• THE PROBLEM: Determine how many lines in the entries contain the word "they", and give that number with no other text.

++++++++++++++++++++

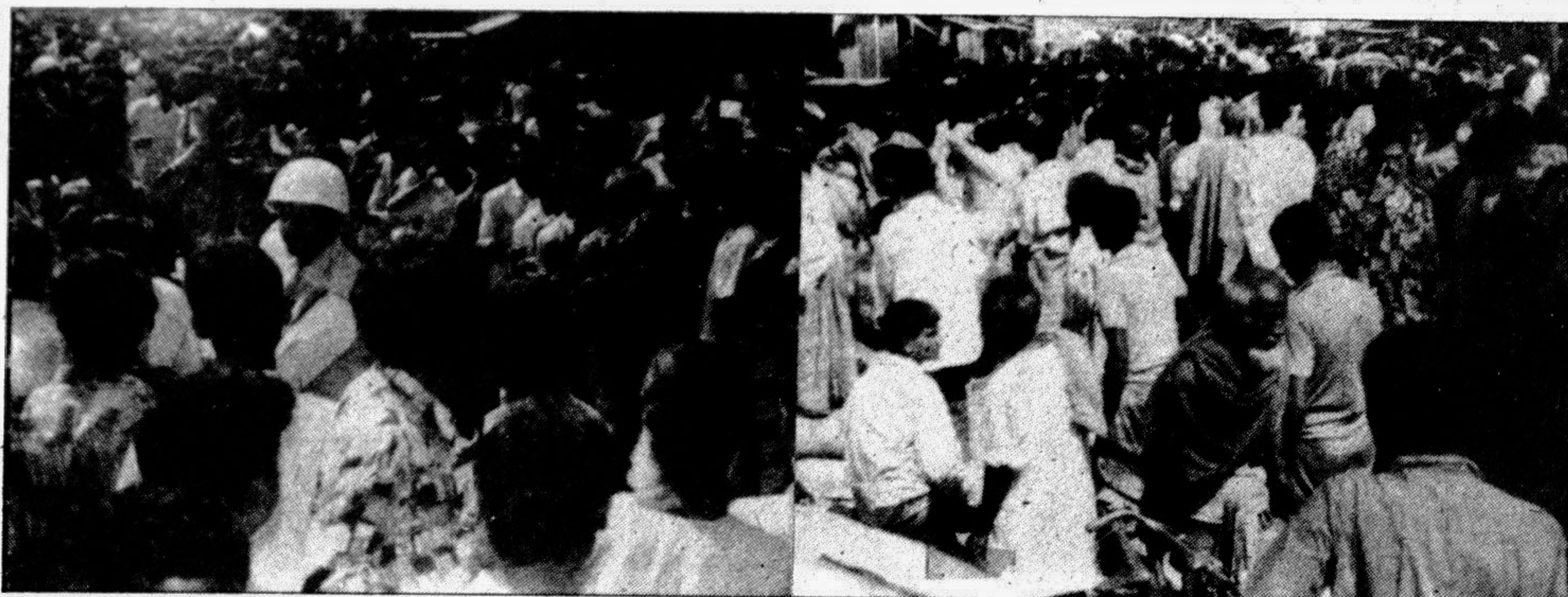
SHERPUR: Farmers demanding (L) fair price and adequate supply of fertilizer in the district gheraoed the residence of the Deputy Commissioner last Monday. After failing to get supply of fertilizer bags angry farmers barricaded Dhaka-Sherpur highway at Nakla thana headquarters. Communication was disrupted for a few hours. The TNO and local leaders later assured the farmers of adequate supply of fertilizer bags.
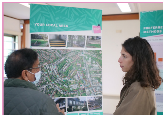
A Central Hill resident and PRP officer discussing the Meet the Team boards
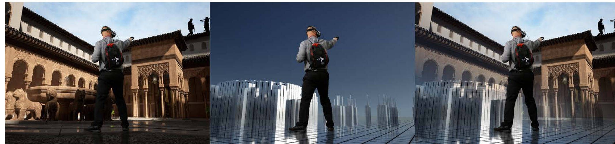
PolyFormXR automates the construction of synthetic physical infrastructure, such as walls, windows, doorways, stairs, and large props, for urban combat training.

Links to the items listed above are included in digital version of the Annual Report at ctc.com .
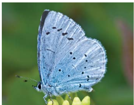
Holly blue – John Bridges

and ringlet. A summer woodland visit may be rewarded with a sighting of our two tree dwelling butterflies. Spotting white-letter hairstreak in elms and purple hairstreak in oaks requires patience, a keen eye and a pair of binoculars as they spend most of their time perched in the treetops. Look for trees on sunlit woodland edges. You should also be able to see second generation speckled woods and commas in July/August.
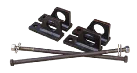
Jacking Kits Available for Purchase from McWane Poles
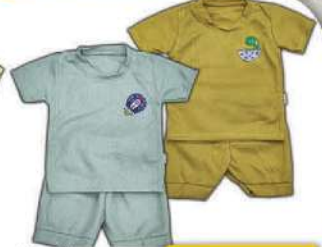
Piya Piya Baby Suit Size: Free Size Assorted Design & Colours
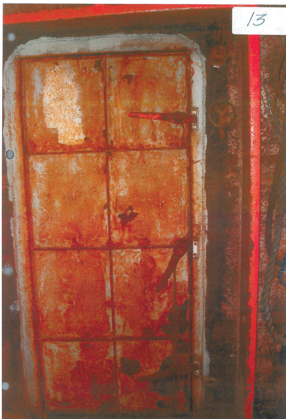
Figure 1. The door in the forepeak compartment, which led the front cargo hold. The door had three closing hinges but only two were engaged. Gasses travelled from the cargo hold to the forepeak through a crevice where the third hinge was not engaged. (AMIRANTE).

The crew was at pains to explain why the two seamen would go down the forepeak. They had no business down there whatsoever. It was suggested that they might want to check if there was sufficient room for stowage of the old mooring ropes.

++++++++++++++++++++

• WRITTEN RESPONSE: 2